→ **WORK TASK**
In the data below, find each line containing the string "mjöl" and return it.

Extracted records
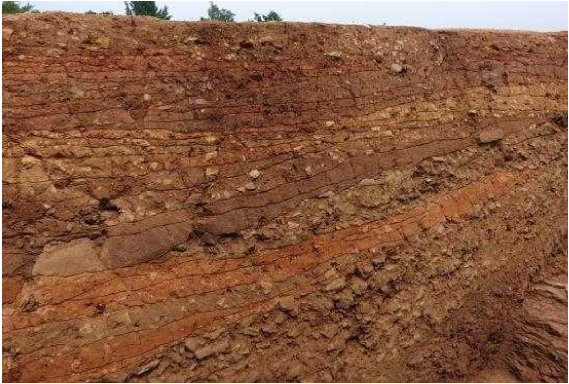
<중심토루 축조 모습(북서쪽에서)>
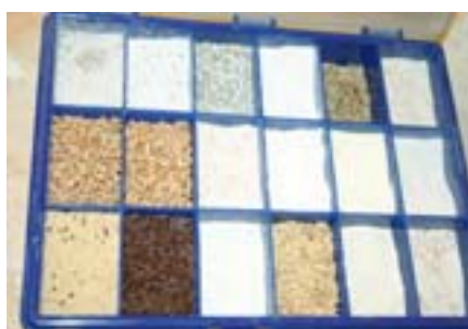
Olika korn, kross, mjöl och fröer.

Råvarorna är naturligtvis även när det gäller bröd av stor betydelse t ex malningsgraden på mjölet. Utvecklingen har gått mot finare och finare mjöl, och resultatet bli annorlunda än med grövre mjöl. Vi får en genomgång av de fyra sädeslagen samt dinkel, kamut, amaranth, bovetemjöl, barkmjöl, quinoa, olika fröer, kryddor, om deras egenskaper och malningsgrader etc. Phsyllumfrön t ex används i glutenfritt bröd.
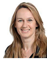
Constance Le Grip
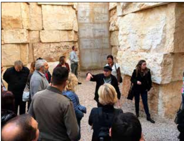
Полазници семинара у Јад Вашевом меморијалном комплексу „Долина заједница”

Завршни догађај споменутог пројекта Међународна библиотечка њајлјформа за образовање о Холокаусту одржан је у децембру 2019. године у Народној библиотеци Србије, када је упрличен међународни семинар Библиотечари, архивисти и нови међународни извори за предавање и учење о Холокаусту . Осим представника институција из Србије, његови учесници били су и стручњаци из Пољске, Холандије, Немачке, Израела, Сједињених Америчких Држава, Аустрије, Македоније и Шпаније. 9
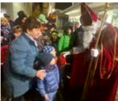
der Nikolaus brachte traditionelle Krampussackerl für die Kinder

Sie alle tragen Jahr für Jahr zum Gelingen dieser Aktion bei!
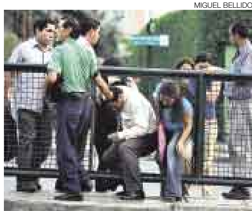
LA VIDA EN JUEGO. La reja de la berma central de la cuadra siete de Javier Prado Este antes y después. Algunos transeúntes siguen cruzando por el lado prohibido.

¿Santo remedio? Lamentablemente, no. Fue triste comprobar que hay quienes prefieren torear autos, saltar la reja, ensuciarse la ropa, sudar más de la cuenta, arriesgar el pellejo, dejar viudas o viudos y niños huérfanos, en vez de cruzar por una esquina. Caminar un poco, señores, no mata... Nuestro país va a cambiar si nosotros cambiamos. [A9]

→ **YOUR RESPONSE**
Olika korn, kross, mjöl och fröer.
Råvarorna är naturligtvis även när det gäller bröd av stor betydelse t ex malningsgraden på mjölet. Utvecklingen har gått mot finare och finare mjöl, och resultatet bli annorlunda än med grövre mjöl. Vi får en genomgång av de fyra sädeslagen samt dinkel, kamut, amaranth, bovetemjöl, barkmjöl, quinoa, olika fröer, kryddor, om deras egenskaper och malningsgrader etc. Phsyllumfrön t ex används i glutenfritt bröd.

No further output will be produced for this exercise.